O presidente conservador acusou repetidamente o seu adversário de mentir sobre cifras econômicas, e recitou inúmeras estatísticas para tentar desequilibrar o socialista.

"É muito legal falar em unir as pessoas, mas isso precisa ser posto em prática", disse o presidente. "O exemplo que eu quero seguir é o da Alemanha, e não da Espanha e Grécia", acrescentou, citando dois países em grave crise econômica na zona do euro.

O duelo foi transmitido ao vivo por canais que atingem praticamente metade dos 44,5 milhões de eleitores.

O debate culminou vários meses de ataques mútuos, nos quais Sarkozy chamava o socialista de incompetente e mentiroso, e Hollande acusava o rival de ser um "presidente fracassado".

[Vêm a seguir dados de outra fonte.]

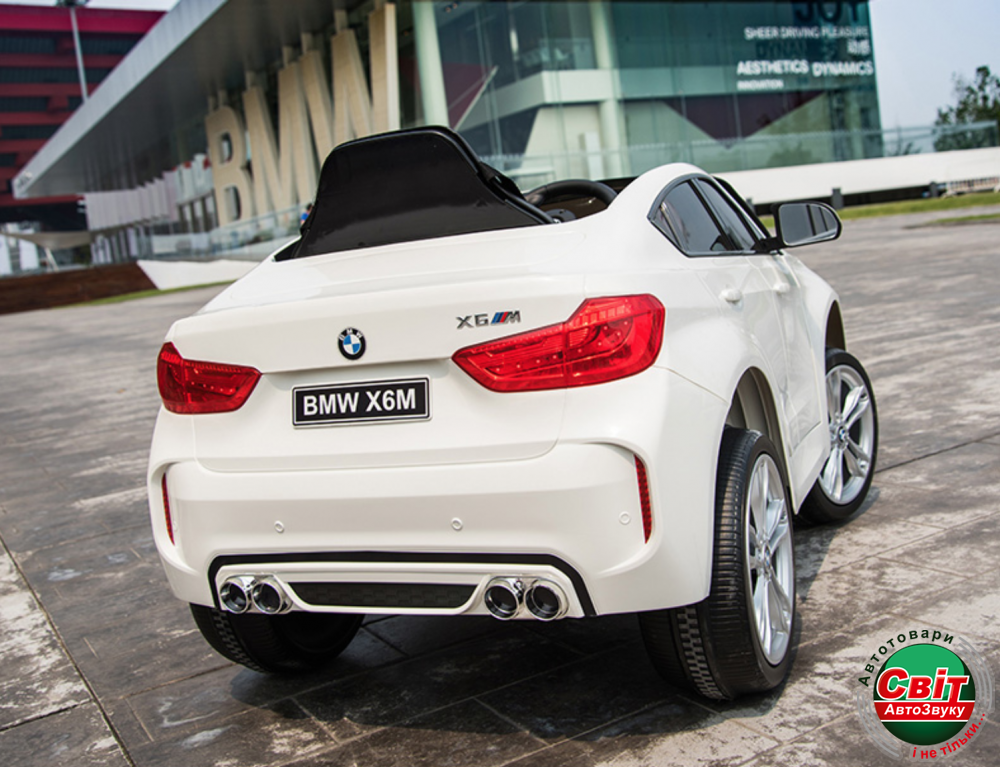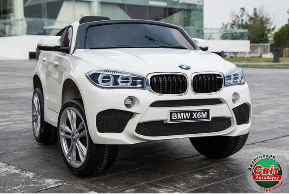 Дитячий електромобіль Kidsauto BMW X6 M premium edition WhiteДетская версия престижного кроссовера BMW X6 создана с максимальной заботой о безопасности и комфорте ребенка. Пульт управления (2,4G) позволяет дистанционно контролировать скорость и направление, а при необходимости остановить машину кнопкой «STOP». Кожаное сидение, мягкие EVA-колеса , функция плавного старт-стопа, мощные моторы, обеспечат комфортный и уверенный драйв.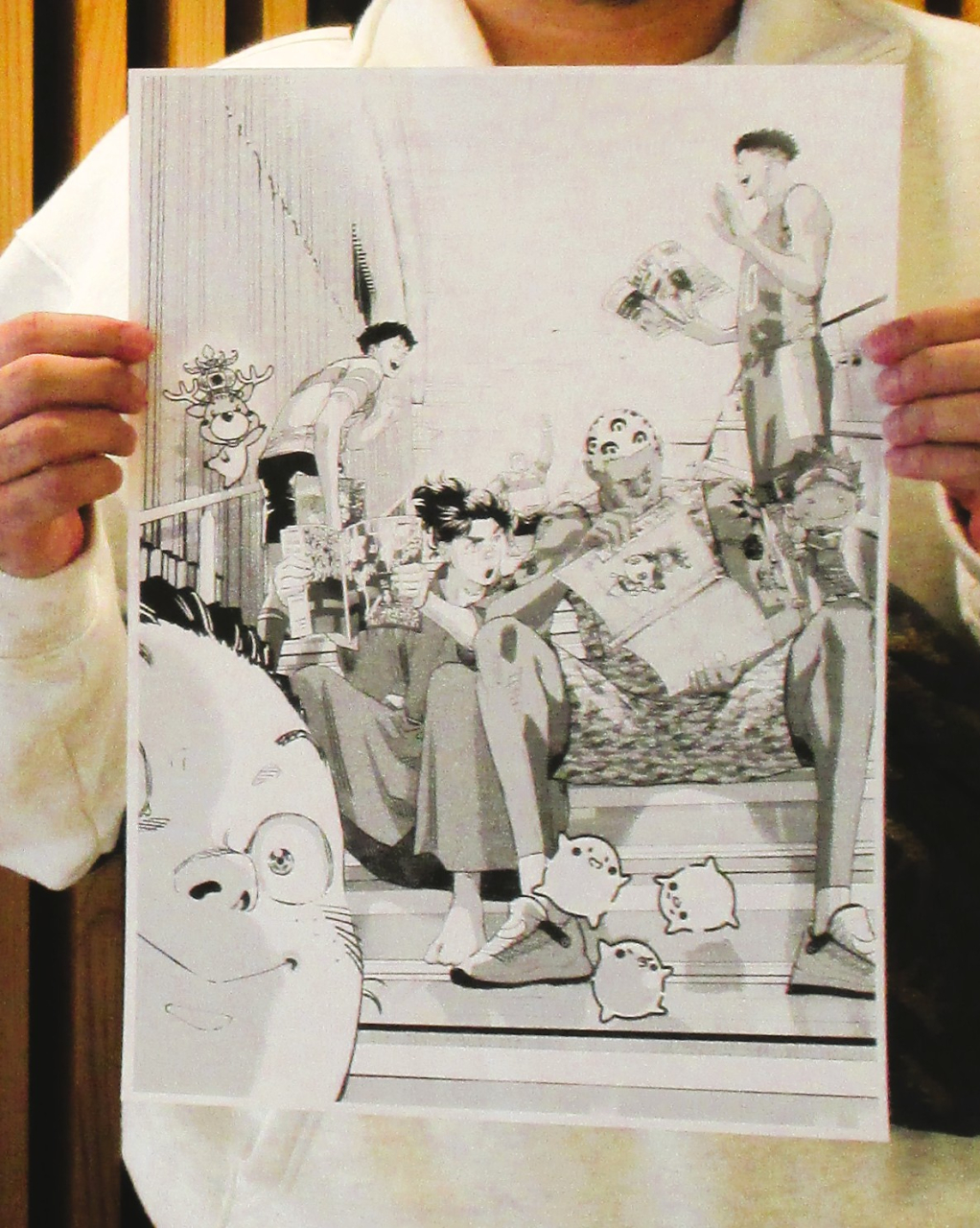 飛松さんの作品の登場人物と、山鹿市に縁のあるキャラクターたちが大集合!

Sarkozy vinha apostando todas as suas fichas nesse evento para virar o favoritismo a seu favor. "Não é uma disputa de palavras, é uma hora da verdade", disse ele nesta semana a jornalistas.

Mais impopular presidente a disputar uma reeleição na França, e o primeiro na história moderna a não ter liderado no primeiro turno, Sarkozy é visto por muitos como responsável pelos problemas econômicos da França, e seu estilo pessoal desagrada a grande parte do eleitorado.

Depois do segundo turno, ele tem feito propostas - especialmente de controle imigratório - que buscam atrair o eleitorado que no primeiro turno deu quase 18 por cento dos votos à ultradireitista Marine le Pen.

Na terça-feira, Le Pen liberou seus 6 milhões de eleitores para votarem como preferirem, no que representou mais um golpe para as esperanças de Sarkozy, que esperava uma declaração de apoio dela.

As pesquisas mais recentes indicaram uma ligeira redução na vantagem de Hollande, mas ainda dentro de uma margem confortável. No levantamento de quarta-feira do instituto BVA, ele tinha 53,5 por cento das intenções de voto, contra 46,5 por cento de Sarkozy - queda de 1 ponto porcentual na vantagem em prol do socialista.

No evento desta quarta-feira, os dois candidatos ficaram sentados em lados opostos de uma mesa, a 2,5 metros de distância, e foram observados por 20 câmeras. Até a temperatura do estúdio (entre 19ºC e 20ºC) e o tipo de cadeira (com regulagem de altura) passou pelo crivo das duas campanhas.

Sarkozy e Hollande negaram que tenham feito treinamentos especiais para o debate. Nos últimos dias, o presidente vinha criticando seu rival por ter rejeitado a realização de dois debates adicionais.